**TASK STATEMENT:** Give back each line of the data exactly as it reads, minus the pictures.

**EXERCISE DATA:**

★ ★ ★ ★

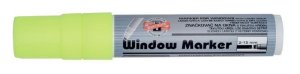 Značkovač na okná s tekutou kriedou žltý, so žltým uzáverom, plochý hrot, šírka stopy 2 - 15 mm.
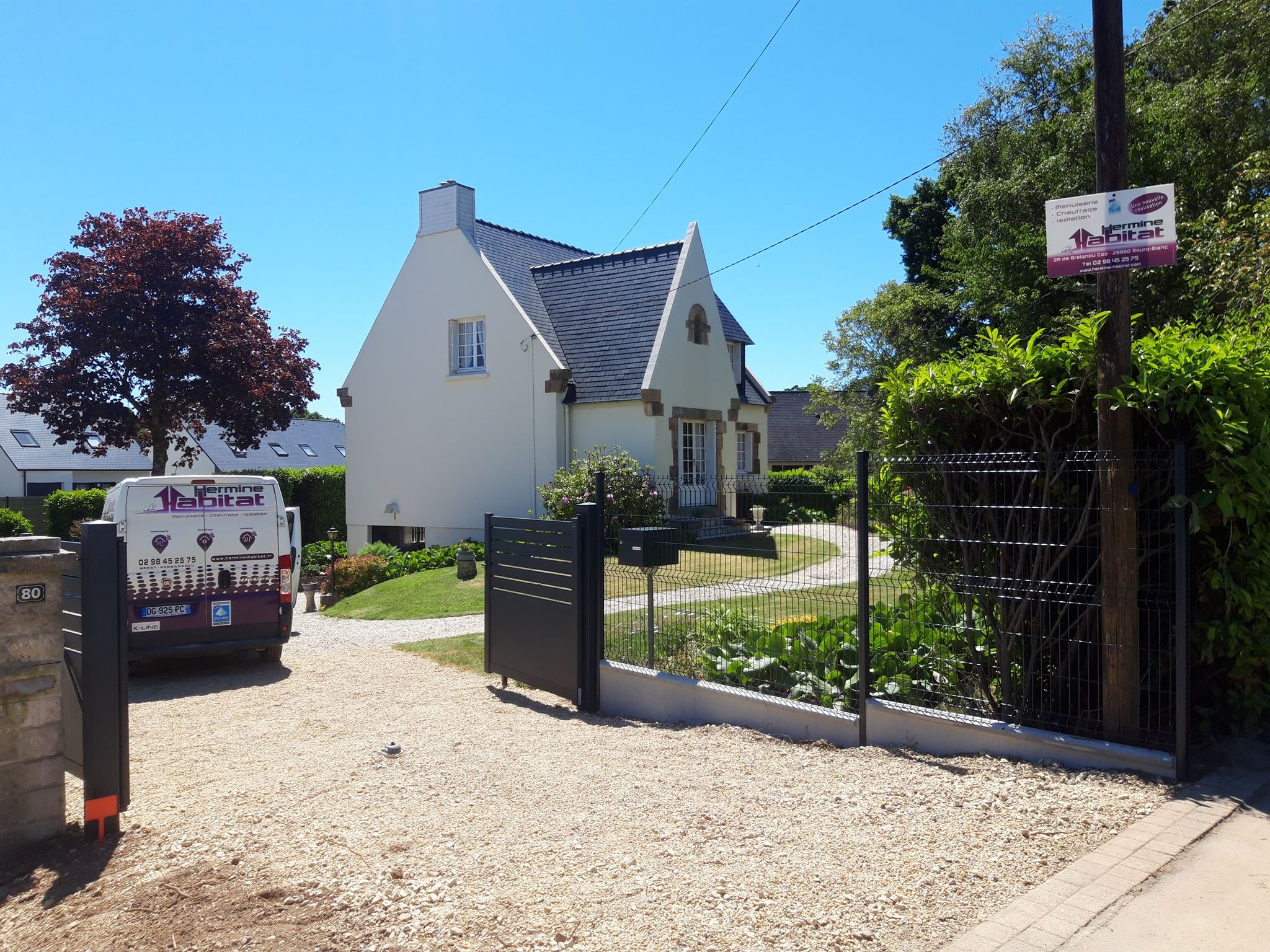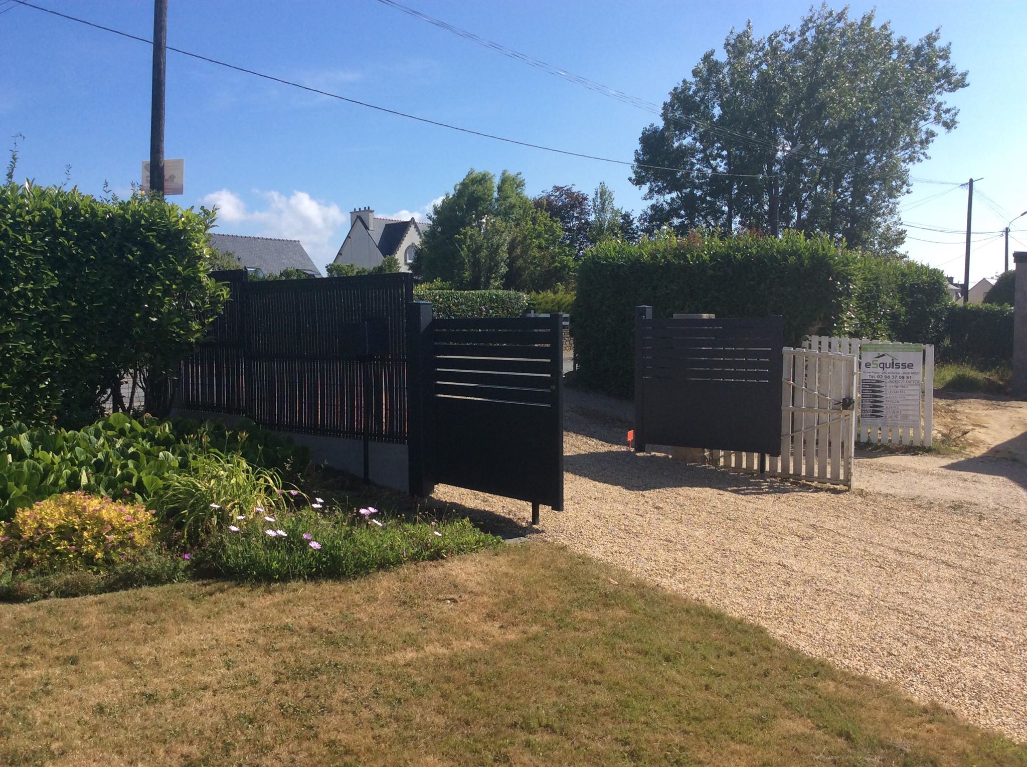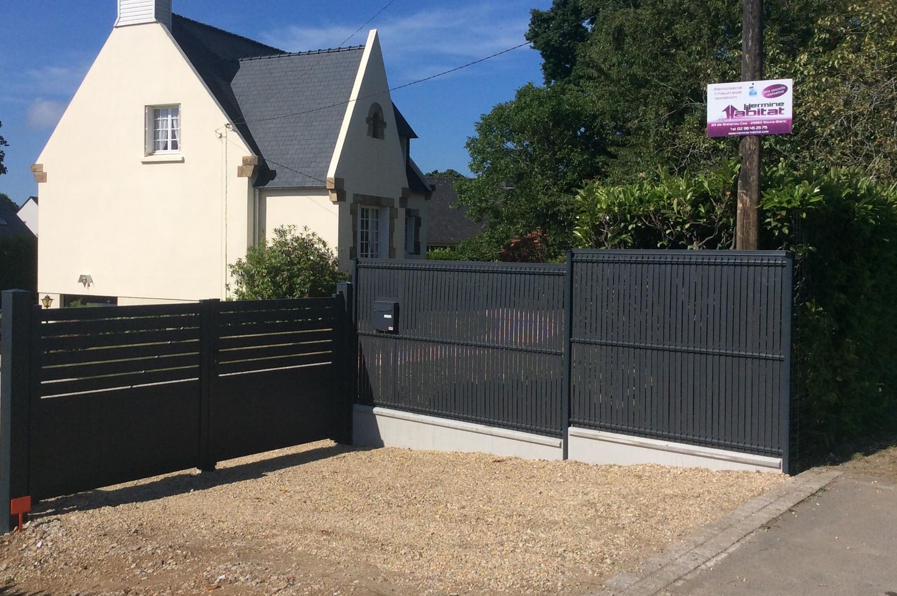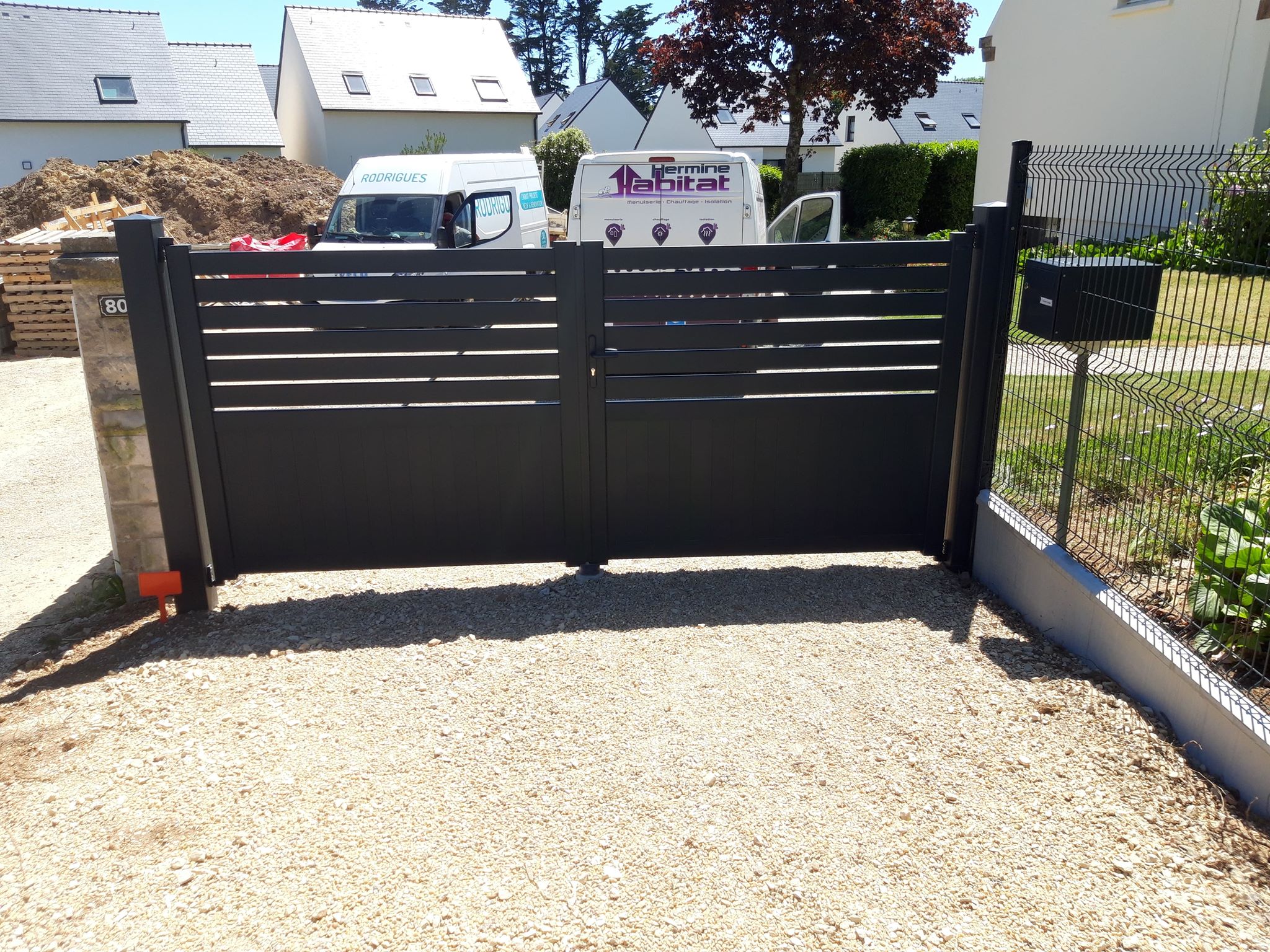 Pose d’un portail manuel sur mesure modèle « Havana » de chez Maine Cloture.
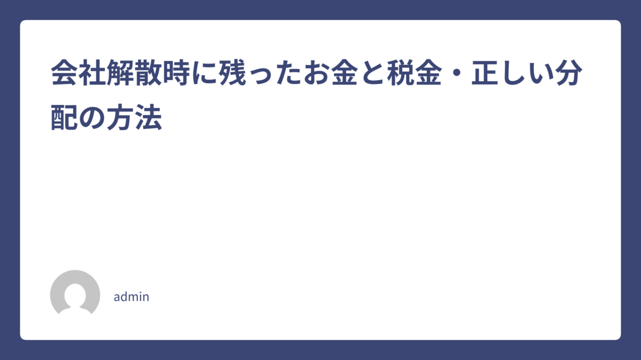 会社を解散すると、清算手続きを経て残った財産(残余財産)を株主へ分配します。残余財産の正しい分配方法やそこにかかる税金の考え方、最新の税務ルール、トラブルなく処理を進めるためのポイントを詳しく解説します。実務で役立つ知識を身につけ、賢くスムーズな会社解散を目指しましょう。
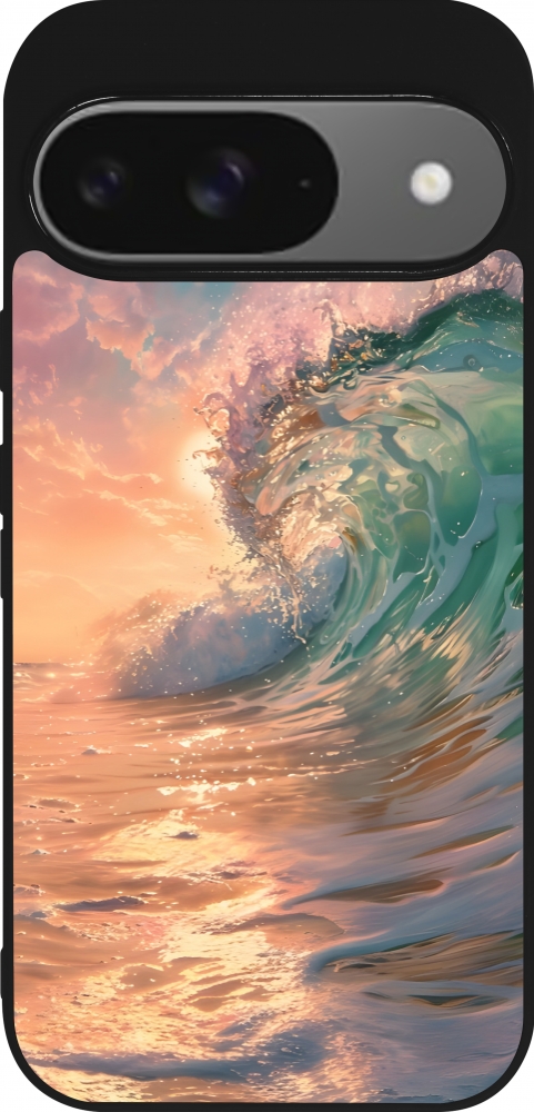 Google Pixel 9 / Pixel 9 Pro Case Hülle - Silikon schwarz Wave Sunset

★ ★ ★ ★

**REPLY TO THE TASK:**
 Značkovač na okná s tekutou kriedou žltý, so žltým uzáverom, plochý hrot, šírka stopy 2 - 15 mm.
 Pose d’un portail manuel sur mesure modèle « Havana » de chez Maine Cloture.
 会社を解散すると、清算手続きを経て残った財産(残余財産)を株主へ分配します。残余財産の正しい分配方法やそこにかかる税金の考え方、最新の税務ルール、トラブルなく処理を進めるためのポイントを詳しく解説します。実務で役立つ知識を身につけ、賢くスムーズな会社解散を目指しましょう。
 Google Pixel 9 / Pixel 9 Pro Case Hülle - Silikon schwarz Wave Sunset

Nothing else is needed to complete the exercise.